The unit is also taking lessons from the strike companies that were just tested with 3rd Brigade, 10th Mountain in Europe.
“2nd Cavalry Regiment is watching this intently because their whole purpose in life was reconnaissance security, expanding the reaction time and maneuver space for the corps. Under future Army construct, we know that 2nd Cavalry is going to have to condense. Their ability to do this kind of shaping operation with a well-enabled strike company that 3/10 is experimenting with, again, will inform how they shape their redesign going forward with future technology and reachback enablers to the theater-level enablers,” Col. Aaron Dixon, deputy chief of staff for operations, plans and training, G3, at V Corps, said in an interview. “Being able to see some of those lessons learned from this rotation at the end will help shape TiC 2.0 that we have lined up with 2nd Cavalry.”
Larger echelons are also looking at the lessons from 1.0 and determining what that means for force design changes, new formations and how to fight.
“It’s been fascinating because the way we’re building these transformation-in-contact formation, starting with the infantry and then moving on to the other brigade combat teams, we’re getting a large set of data from multiple soldiers, multiple units and that’s immediately going to feed into that force design update,” Lt. Col. Donald Hackett, chief of force management at V Corps, said in an interview. “It’s all being fed from the soldier up. And then as the brigade combat teams built, we’re going to adjust … how the corps operate, how the divisions operate. And you’re going to see a transformation-in-contact 2.0 where they start building that out to the divisions. They’re doing experimentations with the corps. It’s just a whole new approach to how we get after designing units.”

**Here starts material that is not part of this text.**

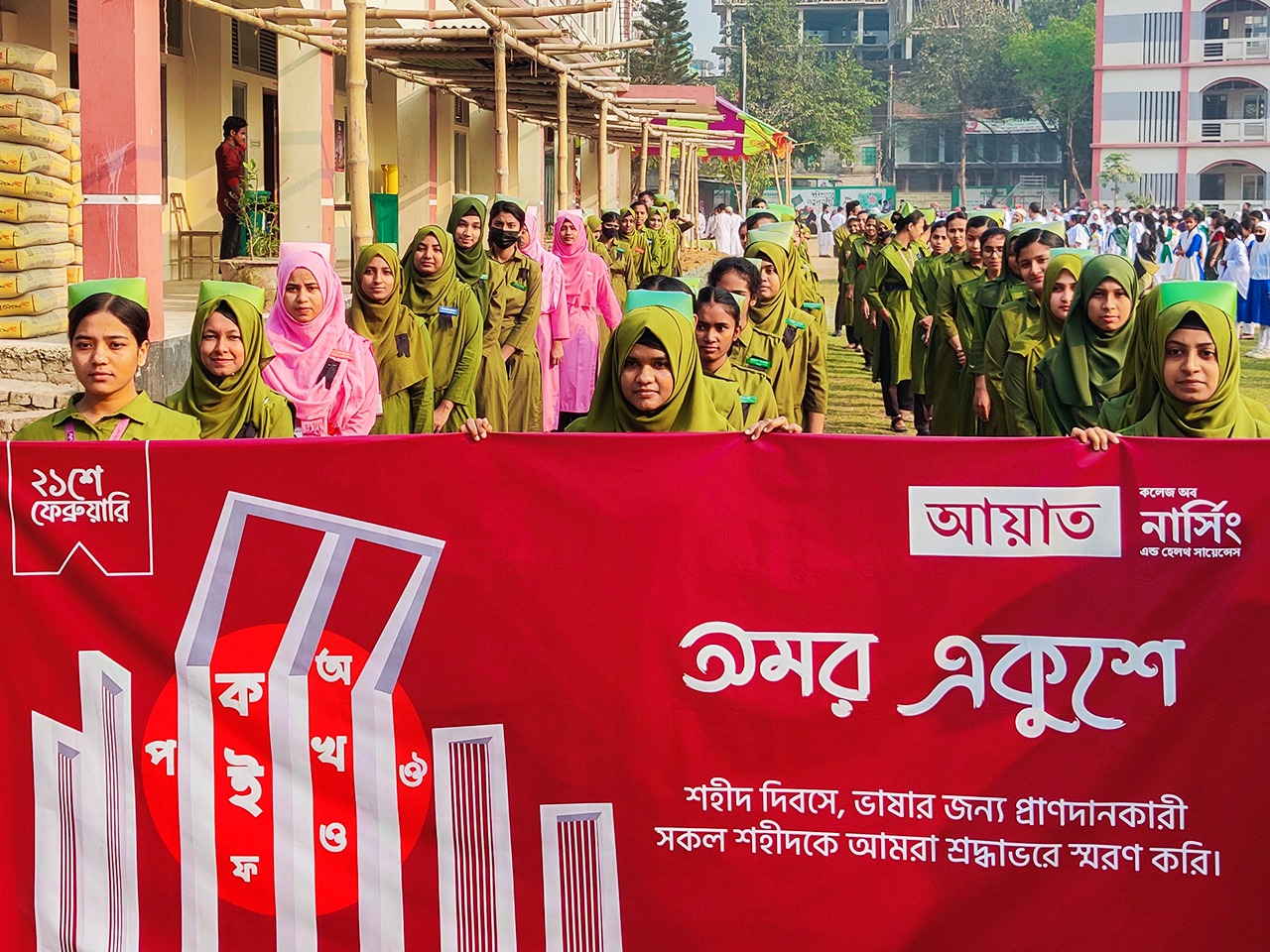 Ayat College of Nursing and Health Sciences family pays tribute to the great language martyrs of Ekushey on International Mother Language Day.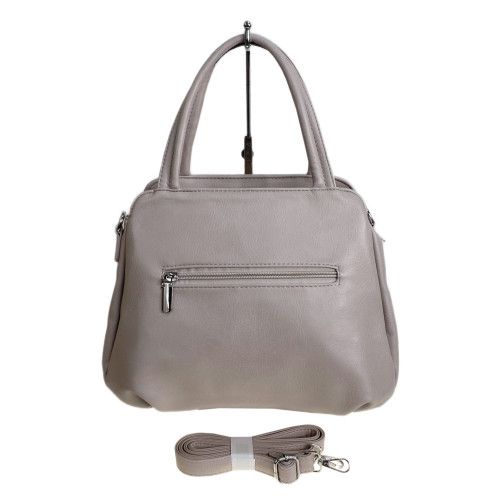 Классическая женская сумка из искусственной кожи. Сумка закрывается на молнию, внутри два отделения разделенных карманом на молнии, дополнительный карман на молнии и открытый карман. Снаружи на задней стенке карман на молнии. В комплекте длинный плечевой ремень.

The Army is trying to determine how some of the new technologies and equipment, which make brigades more effective at longer ranges, affects the overall battlefield geometry, to include for higher echelon units.
While the brigade was the primary unit of action during the Global War on Terror, the Army is moving that up to division in anticipation of potential large-scale combat operations against sophisticated adversaries such as Russia and China.

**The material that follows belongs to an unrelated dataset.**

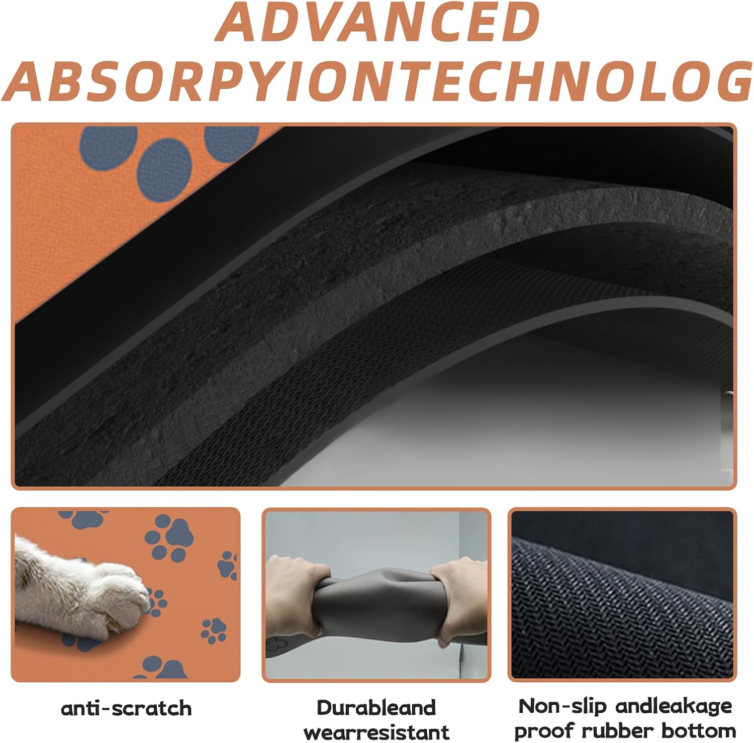 18"×30" Dog Food Mat-Absorbent Dog Mat for Food and Water, No Stains Quick Dry Cat Dog Food Bowl Mat Non Skid Dog Feeding Mat with Footprints for Messy Drinkers Orange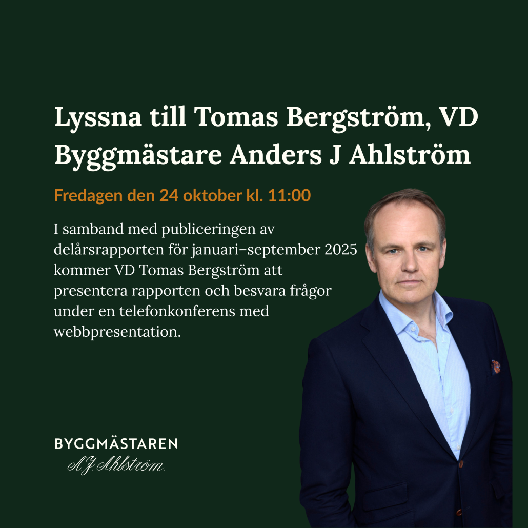 Inbjudan till presentation i samband med Byggmästarens delårsrapport januari–september 2025

“As we see these capabilities at the brigade level and just the increased range that you have for both the kinetic and non-kinetic effects, but the sensors, and now you add that to the division level and then potentially, down the road, we’re not talking corps is part of TiC, but how does that change fundamentally maybe the way you think about and fight at echelon,” Costanza said. “These brigades have capability that can actually affect the division deep area and vice versa. The divisions are going to have capabilities that potentially can affect the corps deep area. Then let’s just talk about airspace management and everything else [that] is going on. It’s a fundamental shift, I think, in the way we got to think about the battlefield framework and how we fight at echelon.”
Others explained how these new capabilities that enabled the strike companies affect how corps thinks about fighting.
“It’s shaping how the corps is trying to gather information from how this brigade sees themselves operating to how that might change how the division sees its battlefield geometry and structure on how they fight for information,” Dixon said. “Then all the way up at the corps level, if I have a fully enabled brigade causing a more-enabled division, how does that change how the corps sees its shaping fight versus its close fight in the future? If you add that early reconnaissance capability proliferated all the way down to the lowest level and say I’m also increasing their reach with things like one-way drones, … how does that change how the corps sees the full battlefield geometry?”